* [WORK INSTRUCTION]
Could you repeat the data word for word while skipping the pictures?

Items from a data source:
*** Begin section ***

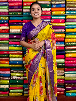 Emboose Jute Silk Floral Digital Print Yellow With Purple Saree
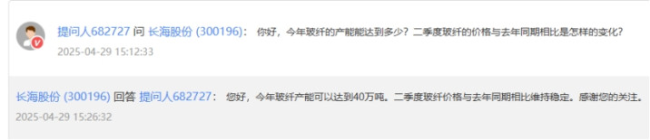 玻纤产能:公司在互动平台上表示,公司玻纤产能40万吨。将充分受益于电子布涨价带来业绩提升。
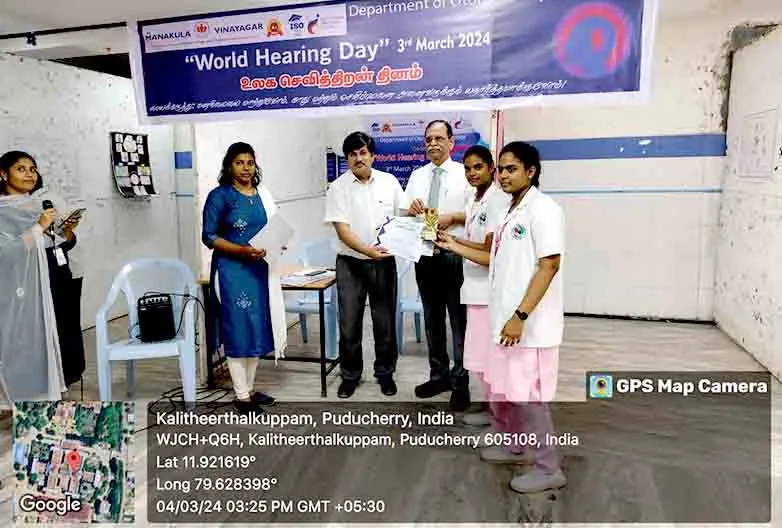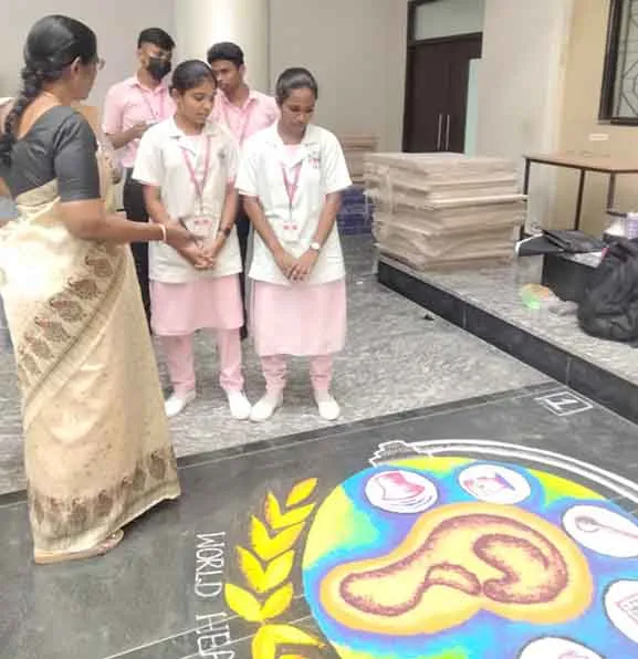 On 4th March 2024, in commemoration of “World Hearing Day”, our students participated in the Rangoli competition under the theme “Changing mindsets: Let’s make ear and hearing care reality for all” at SMVMCH and the winners were awarded with prizes.
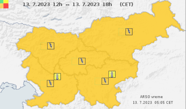 Tudi danes bodo možna krajevna neurja po celotni državi. Čez dan se bodo plohe in nevihte postopno razširile nad vso Slovenijo, Agencija RS za okolje (Arso) pa je izdala oranžno opozorilo. Za južni del države pa je oranžno opozorilo razglašeno tudi zaradi toplotne obremenitve.
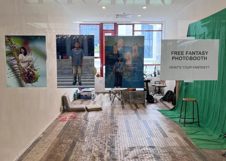KS: “How do you convince people that art doesn’t just belong in a museum or gallery? I think they need to come into it on their own so even having small daily encounters or understanding what an artist does is an achievement. We are right next to a Zumba studio – when its classes go on, our walls reverberate. We are as every day as you can get. One of the past tenants pointed out that all sorts of retail spaces exist here, and it got us thinking about what we’re offering to the person who comes to Peninsula Shopping Centre. I think the answer is culture... There was a co-residency shared among three young artists – Kar-men Cheng, Phoo Myet Che and Syahrul Anuar – that showed here last October and was particularly successful in engaging the community around us. The project was a fantasy photo booth (pictured), so they set up a green wall and invited tenants and passersby to share their fantasies. They next superimposed these fantasies into their portraits’ backgrounds and then printed them out as a keepsake... We would like to think that they revived some form of vibrancy and community in Peninsula Shopping Centre through their art.”

*** End section ***

* [ANSWER TO THIS TASK]
 Emboose Jute Silk Floral Digital Print Yellow With Purple Saree
 玻纤产能:公司在互动平台上表示,公司玻纤产能40万吨。将充分受益于电子布涨价带来业绩提升。
 On 4th March 2024, in commemoration of “World Hearing Day”, our students participated in the Rangoli competition under the theme “Changing mindsets: Let’s make ear and hearing care reality for all” at SMVMCH and the winners were awarded with prizes.
 Tudi danes bodo možna krajevna neurja po celotni državi. Čez dan se bodo plohe in nevihte postopno razširile nad vso Slovenijo, Agencija RS za okolje (Arso) pa je izdala oranžno opozorilo. Za južni del države pa je oranžno opozorilo razglašeno tudi zaradi toplotne obremenitve.
KS: “How do you convince people that art doesn’t just belong in a museum or gallery? I think they need to come into it on their own so even having small daily encounters or understanding what an artist does is an achievement. We are right next to a Zumba studio – when its classes go on, our walls reverberate. We are as every day as you can get. One of the past tenants pointed out that all sorts of retail spaces exist here, and it got us thinking about what we’re offering to the person who comes to Peninsula Shopping Centre. I think the answer is culture... There was a co-residency shared among three young artists – Kar-men Cheng, Phoo Myet Che and Syahrul Anuar – that showed here last October and was particularly successful in engaging the community around us. The project was a fantasy photo booth (pictured), so they set up a green wall and invited tenants and passersby to share their fantasies. They next superimposed these fantasies into their portraits’ backgrounds and then printed them out as a keepsake... We would like to think that they revived some form of vibrancy and community in Peninsula Shopping Centre through their art.”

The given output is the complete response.